Below are some records. Retype exactly the lines from the one containing "- Найкраще спостерігати" through the one containing "A tailored crop", both included, skipping every picture.

Input for this task
·····
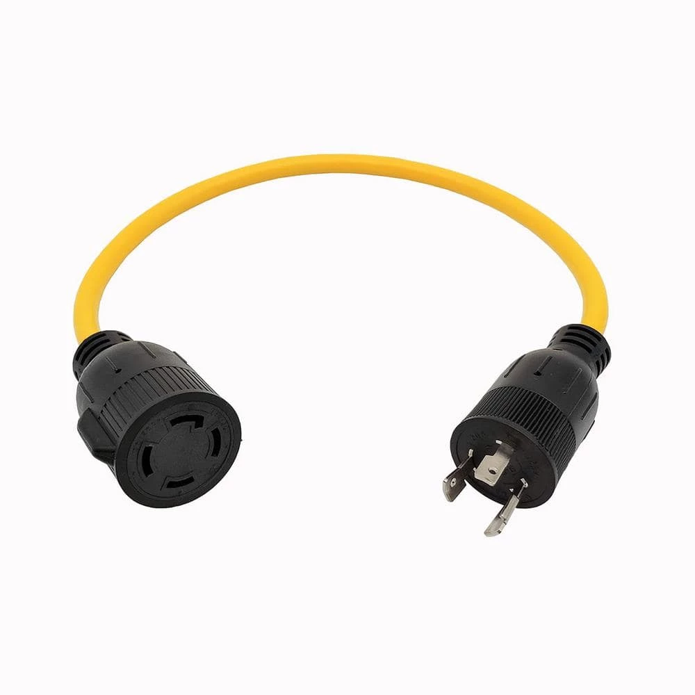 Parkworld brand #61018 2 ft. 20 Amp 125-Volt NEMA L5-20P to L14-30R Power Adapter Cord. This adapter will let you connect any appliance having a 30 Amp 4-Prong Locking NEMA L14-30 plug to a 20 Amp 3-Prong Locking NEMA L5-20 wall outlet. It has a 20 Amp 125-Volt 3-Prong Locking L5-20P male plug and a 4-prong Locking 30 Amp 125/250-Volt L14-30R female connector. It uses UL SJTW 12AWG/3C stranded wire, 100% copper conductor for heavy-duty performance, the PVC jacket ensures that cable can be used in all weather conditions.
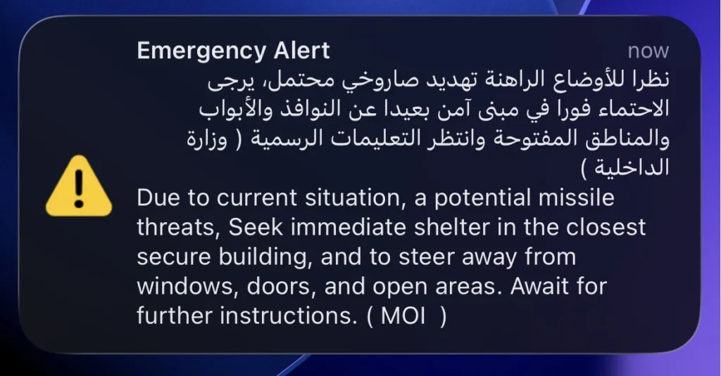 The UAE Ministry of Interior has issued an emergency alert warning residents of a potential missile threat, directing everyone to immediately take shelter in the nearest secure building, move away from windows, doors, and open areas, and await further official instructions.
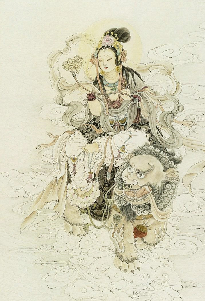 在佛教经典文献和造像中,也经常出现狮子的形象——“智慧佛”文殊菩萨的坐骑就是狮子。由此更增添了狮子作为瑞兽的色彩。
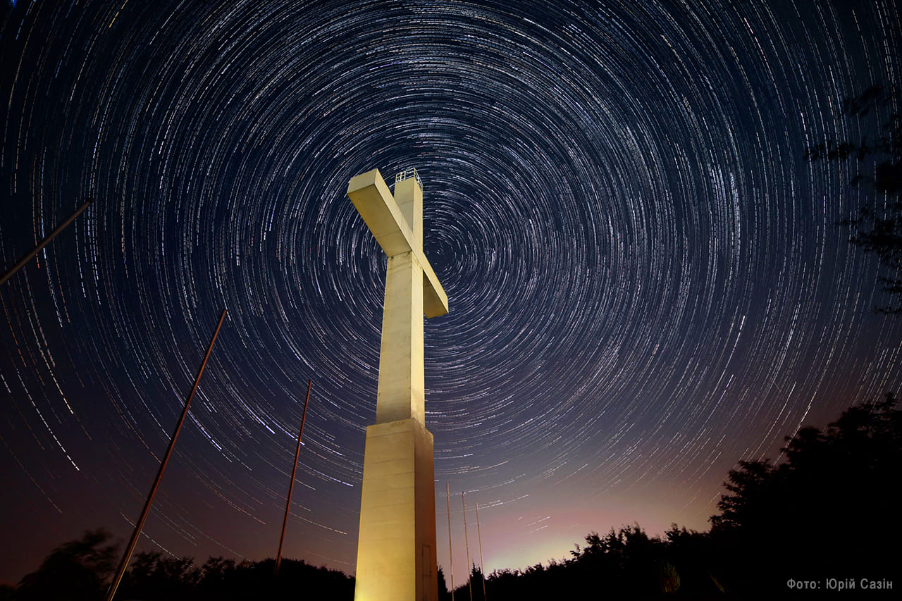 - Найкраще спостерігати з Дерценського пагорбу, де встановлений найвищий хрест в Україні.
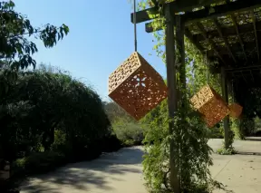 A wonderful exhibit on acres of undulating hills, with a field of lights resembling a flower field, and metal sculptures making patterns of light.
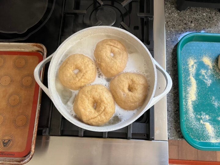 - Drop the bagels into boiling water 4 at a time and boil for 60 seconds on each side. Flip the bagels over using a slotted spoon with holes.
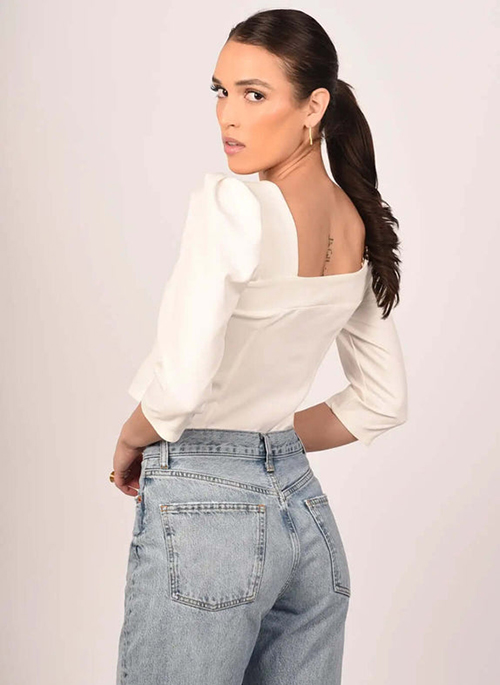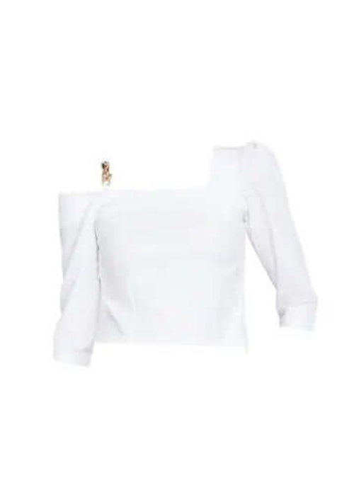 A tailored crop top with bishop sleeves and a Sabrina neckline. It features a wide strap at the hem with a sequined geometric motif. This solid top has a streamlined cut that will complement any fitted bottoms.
·····
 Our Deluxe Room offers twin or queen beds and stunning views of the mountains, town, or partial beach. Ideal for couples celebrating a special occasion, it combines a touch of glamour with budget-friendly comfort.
·····
Response to this task
 - Найкраще спостерігати з Дерценського пагорбу, де встановлений найвищий хрест в Україні.
 A wonderful exhibit on acres of undulating hills, with a field of lights resembling a flower field, and metal sculptures making patterns of light.
 - Drop the bagels into boiling water 4 at a time and boil for 60 seconds on each side. Flip the bagels over using a slotted spoon with holes.
 A tailored crop top with bishop sleeves and a Sabrina neckline. It features a wide strap at the hem with a sequined geometric motif. This solid top has a streamlined cut that will complement any fitted bottoms.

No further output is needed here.